Returns an AI SDK compatible `Tool`.

| Option        | Type                         | Default        | Description                                            |
| ------------- | ---------------------------- | -------------- | ------------------------------------------------------ |
| `tools`       | `ToolSet \| ToolDescriptors` | required       | Your tools (AI SDK `tool()` or raw descriptors)        |
| `executor`    | `Executor`                   | required       | Where to run the generated code                        |
| `description` | `string`                     | auto-generated | Custom tool description. Use `{{types}}` for type defs |

### `DynamicWorkerExecutor`

Executes code in an isolated Cloudflare Worker via `WorkerLoader`.

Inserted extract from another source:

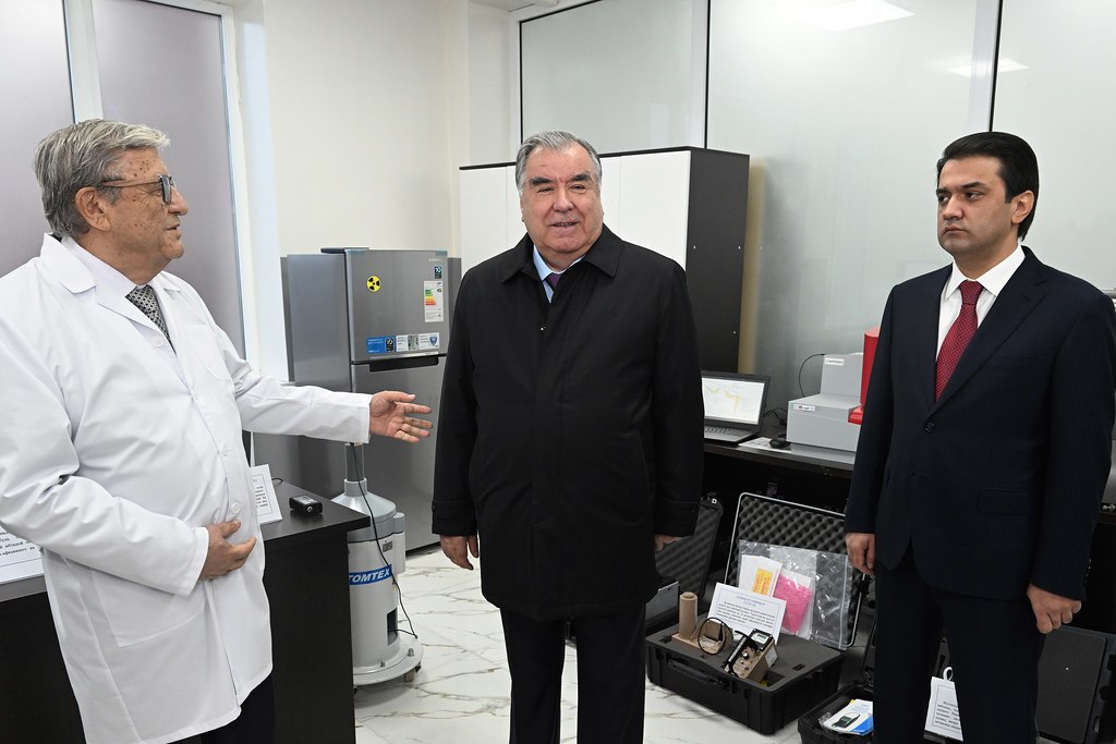 Также Эмомали Рахмон и Рустам Эмомали сегодня приняли участие в сдаче в эксплуатацию нового здания Регионального центра химической, биологической, радиационной и ядерной безопасности Академии наук Таджикистана.

| Option           | Type              | Default  | Description                                                  |
| ---------------- | ----------------- | -------- | ------------------------------------------------------------ |
| `loader`         | `WorkerLoader`    | required | Worker Loader binding from `env.LOADER`                      |
| `timeout`        | `number`          | `30000`  | Execution timeout in ms                                      |
| `globalOutbound` | `Fetcher \| null` | `null`   | Network access control. `null` = blocked, `Fetcher` = routed |

### `generateTypes(tools)`

Generates TypeScript type definitions from your tools. Used internally by `createCodeTool` but exported for custom use (e.g., displaying types in a frontend).

```typescript
import { generateTypes } from "@cloudflare/codemode";

const types = generateTypes(myTools);
// Returns:
// type CreateProjectInput = { name: string; description?: string }
// declare const codemode: { createProject: (input: CreateProjectInput) => Promise<unknown>; }
```

### `sanitizeToolName(name)`

Converts tool names into valid JavaScript identifiers.

```typescript
import { sanitizeToolName } from "@cloudflare/codemode";

sanitizeToolName("get-weather"); // "get_weather"
sanitizeToolName("3d-render"); // "_3d_render"
sanitizeToolName("delete"); // "delete_"
```

## Security considerations

- Code runs in **isolated Worker sandboxes** — each execution gets its own Worker instance
- External network access (`fetch`, `connect`) is **blocked by default** at the runtime level
- Tool calls are dispatched via Workers RPC, not network requests
- Execution has a configurable **timeout** (default 30 seconds)
- Console output is captured separately and does not leak to the host

## Current limitations

- **Tool approval (`needsApproval`) is not supported yet.** Tools with `needsApproval: true` execute immediately inside the sandbox without pausing for approval. Support for approval flows within codemode is planned. For now, do not pass approval-required tools to `createCodeTool` — use them through standard AI SDK tool calling instead.
- Requires Cloudflare Workers environment for `DynamicWorkerExecutor`
- Limited to JavaScript execution
- The `zod-to-ts` dependency bundles the TypeScript compiler, which increases Worker size
- LLM code quality depends on prompt engineering and model capability

## Example

See [`examples/codemode/`](../examples/codemode/) for a full working example — a project management assistant that uses codemode to orchestrate tasks, sprints, and comments via SQLite.